Warm-Start reinforcement learning (RL), aided by a prior policy obtained from offline training, is emerging as a promising RL approach for practical applications. Recent empirical studies have demonstrated that the performance of Warm-Start RL can be improved quickly in some cases but become stagnant in other cases, especially when the function approximation is used. To this end, the primary objective of this work is to build a fundamental understanding on ''whether and when online learning can be significantly accelerated by a warm-start policy from offline RL?''. Specifically, we consider the widely used Actor-Critic (A-C) method with a prior policy. We first quantify the approximation errors in the Actor update and the Critic update, respectively. Next, we cast the Warm-Start A-C algorithm as Newton's method with perturbation, and study the impact of the approximation errors on the finite-time learning performance with inaccurate Actor/Critic updates. Under some general technical conditions, we derive the upper bounds, which shed light on achieving the desired finite-learning performance in the Warm-Start A-C algorithm. In particular, our findings reveal that it is essential to reduce the algorithm bias in online learning. We also obtain lower bounds on the sub-optimality gap of the Warm-Start A-C algorithm to quantify the impact of the bias and error propagation.

Tue 25 July 21:26 - 21:34 PDT

Efficient RL via Disentangled Environment and Agent Representations

Kevin Gmelin · Shikhar Bahl · Russell Mendonca · Deepak Pathak

Agents that are aware of the separation between the environments and themselves can leverage this understanding to form effective representations of visual input. We propose an approach for learning such structured representations for RL algorithms, using visual knowledge of the agent, which is often inexpensive to obtain, such as its shape or mask. This is incorporated into the RL objective using a simple auxiliary loss. We show that our method, SEAR (Structured Environment-Agent Representations), outperforms state-of-the-art model-free approaches over 18 different challenging visual simulation environments spanning 5 different robots.

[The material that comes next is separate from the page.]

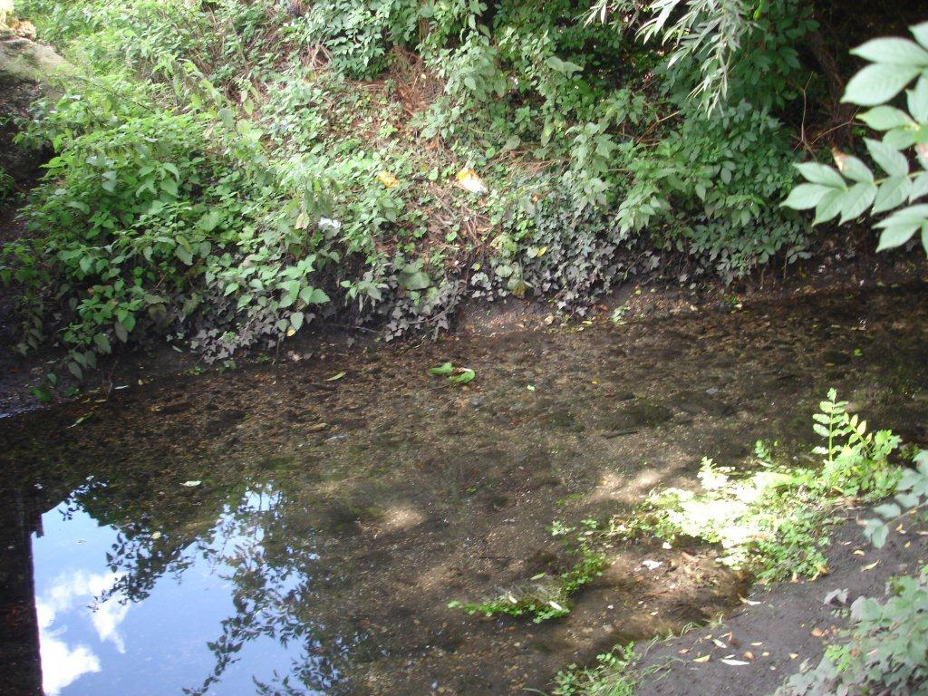 Image of Knapps Brook in Leagrave, Luton, Bedfordshire

Tue 25 July 21:34 - 21:42 PDT

Flipping Coins to Estimate Pseudocounts for Exploration in Reinforcement Learning

Sam Lobel · Akhil Bagaria · George Konidaris

We propose a new method for count-based exploration in high-dimensional state spaces. Unlike previous work which relies on density models, we show that counts can be derived by averaging samples from the Rademacher distribution (or coin flips). This insight is used to set up a simple supervised learning objective which, when optimized, yields a state's visitation count. We show that our method is significantly more effective at deducing ground-truth visitation counts than previous work; when used as an exploration bonus for a model-free reinforcement learning algorithm, it outperforms existing approaches on most of 9 challenging exploration tasks, including the Atari game Montezuma's Revenge.

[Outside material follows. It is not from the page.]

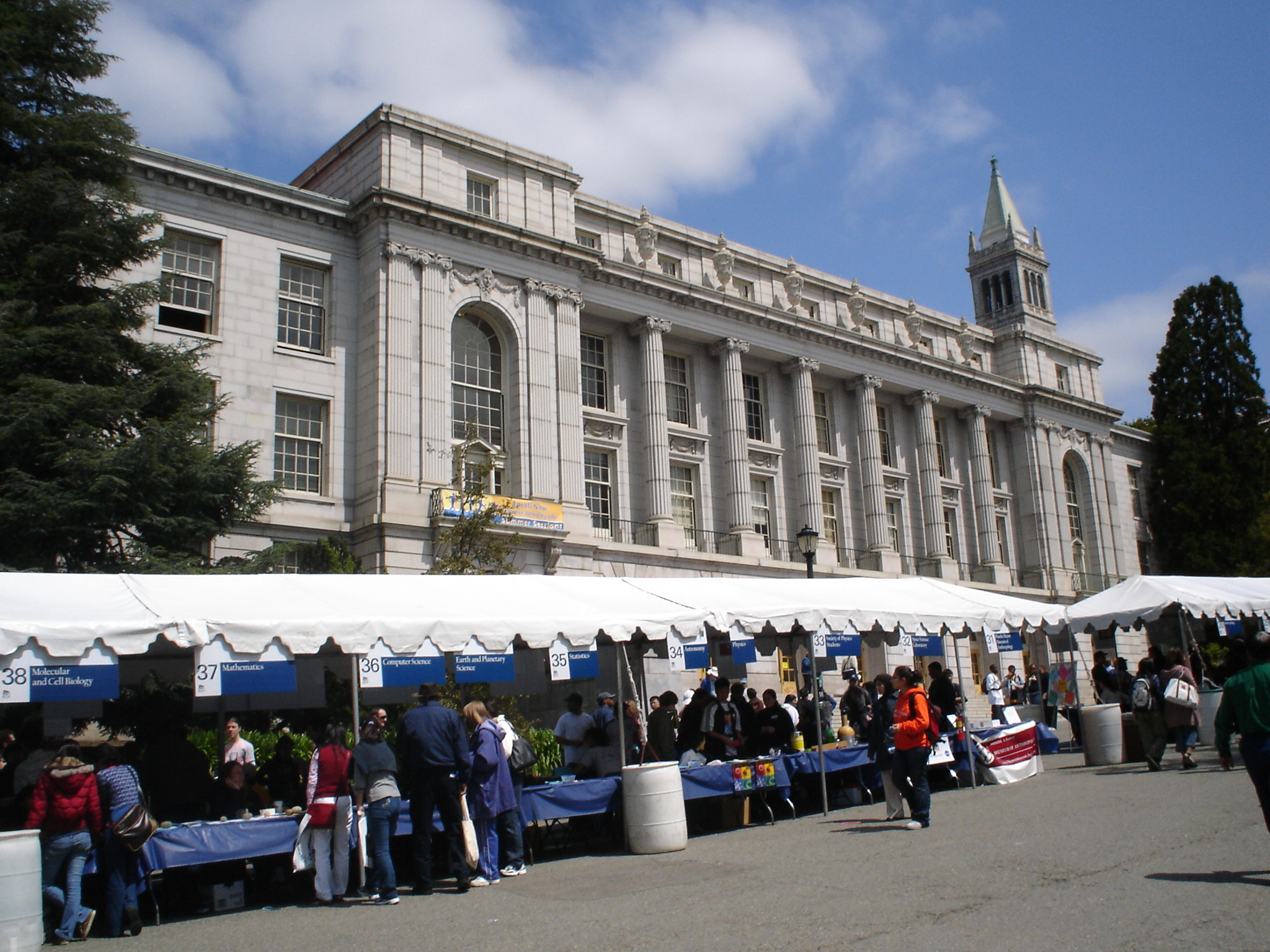 I took the picture in my trip to Cal Day 2006.

Tue 25 July 21:42 - 21:50 PDT

On the Statistical Benefits of Temporal Difference Learning

David Cheikhi · Daniel Russo

Given a dataset on actions and resulting long-term rewards, a direct estimation approach fits value functions that minimize prediction error on the training data. Temporal difference learning (TD) methods instead fit value functions by minimizing the degree of temporal inconsistency between estimates made at successive time-steps. Focusing on finite state Markov chains, we provide a crisp asymptotic theory of the statistical advantages of this approach. First, we show that an intuitive inverse trajectory pooling coefficient completely characterizes the percent reduction in mean-squared error of value estimates. Depending on problem structure, the reduction could be enormous or nonexistent. Next, we prove that there can be dramatic improvements in estimates of the difference in value-to-go for two states: TD's errors are bounded in terms of a novel measure -- the problem's trajectory crossing time -- which can be much smaller than the problem's time horizon.